## DATA TO USE:
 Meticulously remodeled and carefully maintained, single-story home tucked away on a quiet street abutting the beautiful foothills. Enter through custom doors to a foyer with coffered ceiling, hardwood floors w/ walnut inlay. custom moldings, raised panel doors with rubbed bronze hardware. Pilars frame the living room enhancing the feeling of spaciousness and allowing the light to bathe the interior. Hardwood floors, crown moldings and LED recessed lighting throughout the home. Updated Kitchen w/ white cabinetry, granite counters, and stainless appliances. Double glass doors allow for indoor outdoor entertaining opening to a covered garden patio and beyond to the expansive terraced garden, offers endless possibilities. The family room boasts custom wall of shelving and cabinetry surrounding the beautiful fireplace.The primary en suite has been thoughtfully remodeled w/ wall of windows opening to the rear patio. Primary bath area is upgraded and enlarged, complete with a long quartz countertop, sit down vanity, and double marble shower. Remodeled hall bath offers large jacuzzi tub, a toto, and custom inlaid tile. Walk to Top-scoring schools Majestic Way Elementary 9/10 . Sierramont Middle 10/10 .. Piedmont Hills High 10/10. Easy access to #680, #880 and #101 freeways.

---

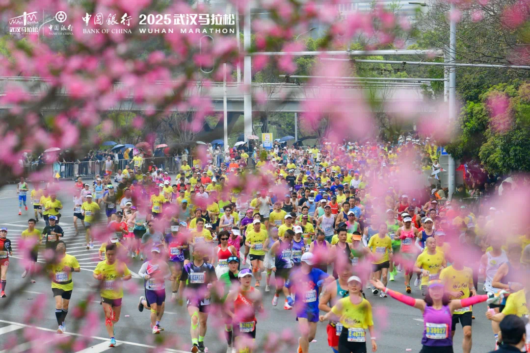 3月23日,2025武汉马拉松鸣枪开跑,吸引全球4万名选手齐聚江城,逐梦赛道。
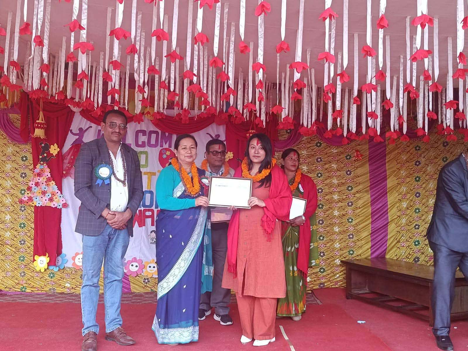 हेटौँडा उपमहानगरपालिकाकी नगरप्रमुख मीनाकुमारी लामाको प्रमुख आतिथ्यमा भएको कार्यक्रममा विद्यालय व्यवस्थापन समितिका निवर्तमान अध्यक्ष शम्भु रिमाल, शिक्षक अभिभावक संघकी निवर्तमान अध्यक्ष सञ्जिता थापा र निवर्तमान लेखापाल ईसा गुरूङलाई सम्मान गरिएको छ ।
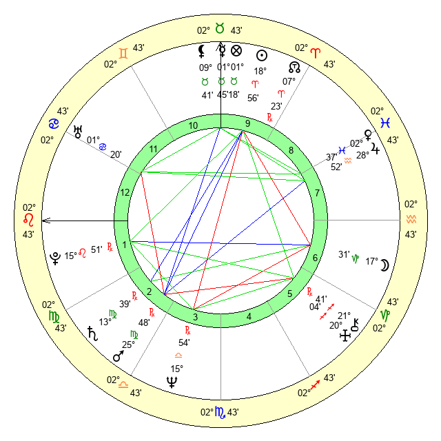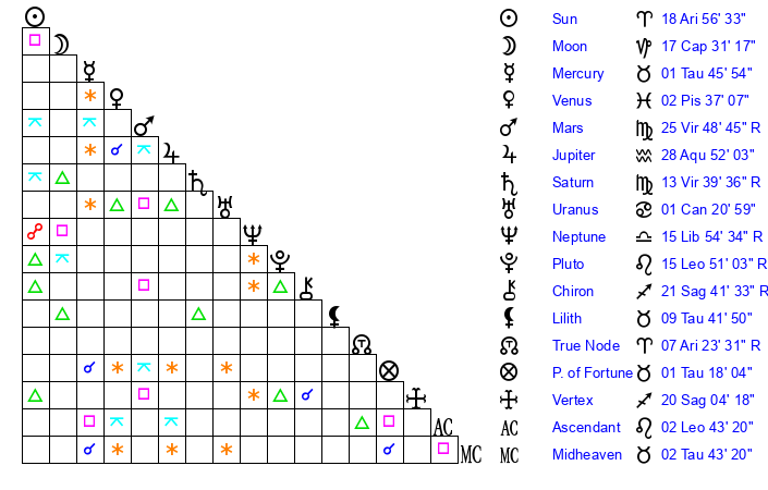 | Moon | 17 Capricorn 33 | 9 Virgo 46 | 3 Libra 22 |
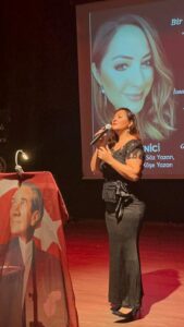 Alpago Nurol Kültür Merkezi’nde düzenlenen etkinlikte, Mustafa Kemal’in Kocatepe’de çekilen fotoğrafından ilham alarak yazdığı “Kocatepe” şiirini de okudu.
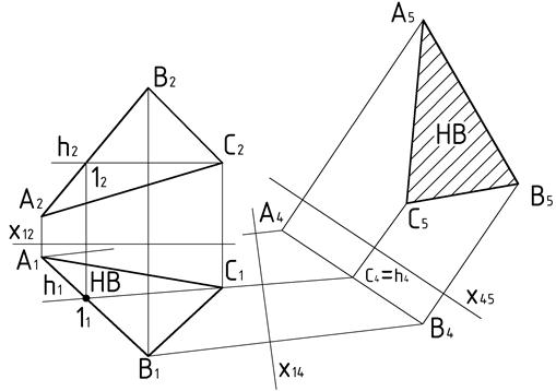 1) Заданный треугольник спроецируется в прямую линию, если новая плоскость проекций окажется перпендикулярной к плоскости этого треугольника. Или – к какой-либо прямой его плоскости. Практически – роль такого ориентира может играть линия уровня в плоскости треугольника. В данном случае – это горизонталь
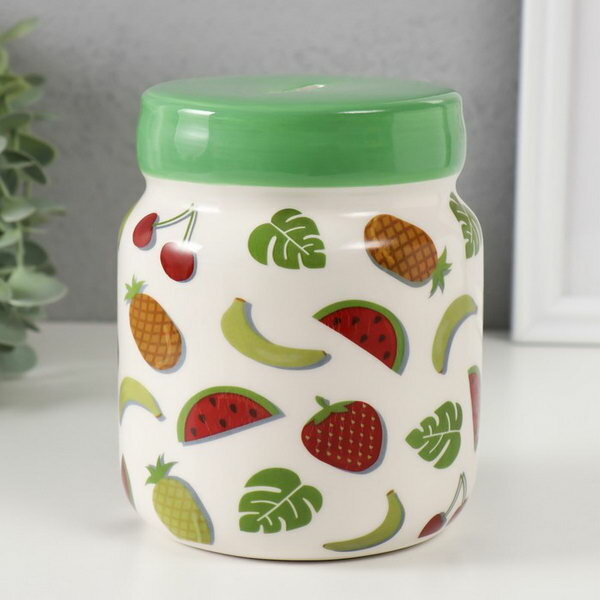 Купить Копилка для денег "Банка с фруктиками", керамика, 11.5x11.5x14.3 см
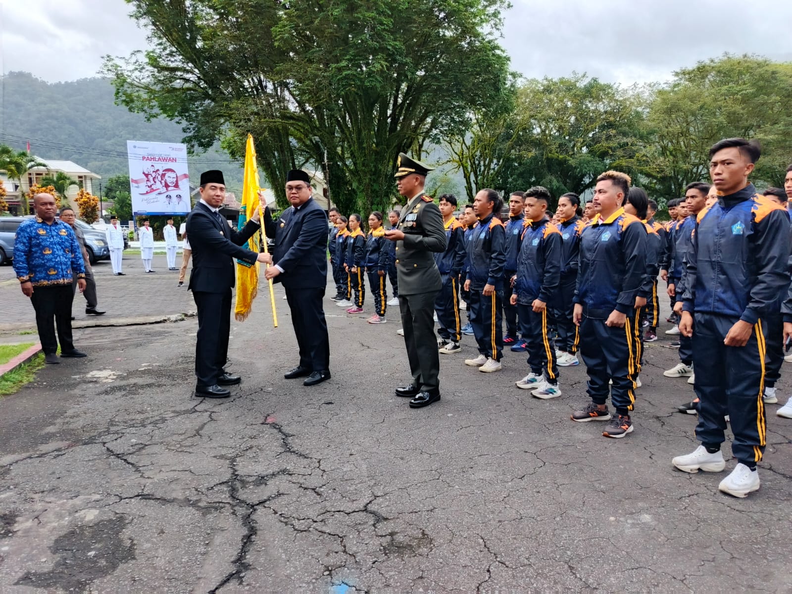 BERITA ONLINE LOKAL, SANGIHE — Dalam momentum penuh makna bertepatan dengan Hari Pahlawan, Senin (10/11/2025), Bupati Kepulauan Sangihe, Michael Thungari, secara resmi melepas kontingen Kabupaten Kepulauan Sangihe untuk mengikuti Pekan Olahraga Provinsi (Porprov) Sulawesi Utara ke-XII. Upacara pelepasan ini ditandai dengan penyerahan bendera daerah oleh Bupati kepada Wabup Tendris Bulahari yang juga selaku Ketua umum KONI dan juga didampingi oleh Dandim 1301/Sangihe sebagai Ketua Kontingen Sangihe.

...

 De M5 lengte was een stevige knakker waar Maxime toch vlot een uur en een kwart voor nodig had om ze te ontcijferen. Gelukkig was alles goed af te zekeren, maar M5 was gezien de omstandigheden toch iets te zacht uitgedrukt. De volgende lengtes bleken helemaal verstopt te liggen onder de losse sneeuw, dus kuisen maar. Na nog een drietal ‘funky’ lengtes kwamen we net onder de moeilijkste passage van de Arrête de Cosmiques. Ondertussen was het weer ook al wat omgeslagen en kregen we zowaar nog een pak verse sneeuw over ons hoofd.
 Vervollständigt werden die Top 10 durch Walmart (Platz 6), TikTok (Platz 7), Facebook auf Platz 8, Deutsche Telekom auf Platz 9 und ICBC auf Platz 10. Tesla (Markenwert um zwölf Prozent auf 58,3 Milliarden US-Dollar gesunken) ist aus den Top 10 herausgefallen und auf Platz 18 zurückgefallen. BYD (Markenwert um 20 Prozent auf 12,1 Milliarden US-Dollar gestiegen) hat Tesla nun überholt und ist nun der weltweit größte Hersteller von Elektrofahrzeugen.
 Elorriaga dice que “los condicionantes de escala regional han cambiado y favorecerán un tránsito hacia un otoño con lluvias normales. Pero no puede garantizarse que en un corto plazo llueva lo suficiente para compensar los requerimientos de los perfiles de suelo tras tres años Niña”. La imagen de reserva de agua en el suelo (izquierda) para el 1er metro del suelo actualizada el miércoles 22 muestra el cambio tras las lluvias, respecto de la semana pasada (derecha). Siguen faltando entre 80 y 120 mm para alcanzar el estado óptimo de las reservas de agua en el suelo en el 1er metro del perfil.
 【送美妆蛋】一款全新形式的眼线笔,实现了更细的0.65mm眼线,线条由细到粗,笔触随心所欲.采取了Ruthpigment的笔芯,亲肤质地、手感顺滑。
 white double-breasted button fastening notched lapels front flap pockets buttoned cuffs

## EXERCISE:
In the records above, find the line with "1) Заданный треугольник" and the line with "BERITA ONLINE LOKAL, SANGIHE". Write out exactly those lines and every one between, with no pictures and no other lines.

## ANSWER SECTION:
 1) Заданный треугольник спроецируется в прямую линию, если новая плоскость проекций окажется перпендикулярной к плоскости этого треугольника. Или – к какой-либо прямой его плоскости. Практически – роль такого ориентира может играть линия уровня в плоскости треугольника. В данном случае – это горизонталь
 Купить Копилка для денег "Банка с фруктиками", керамика, 11.5x11.5x14.3 см
 BERITA ONLINE LOKAL, SANGIHE — Dalam momentum penuh makna bertepatan dengan Hari Pahlawan, Senin (10/11/2025), Bupati Kepulauan Sangihe, Michael Thungari, secara resmi melepas kontingen Kabupaten Kepulauan Sangihe untuk mengikuti Pekan Olahraga Provinsi (Porprov) Sulawesi Utara ke-XII. Upacara pelepasan ini ditandai dengan penyerahan bendera daerah oleh Bupati kepada Wabup Tendris Bulahari yang juga selaku Ketua umum KONI dan juga didampingi oleh Dandim 1301/Sangihe sebagai Ketua Kontingen Sangihe.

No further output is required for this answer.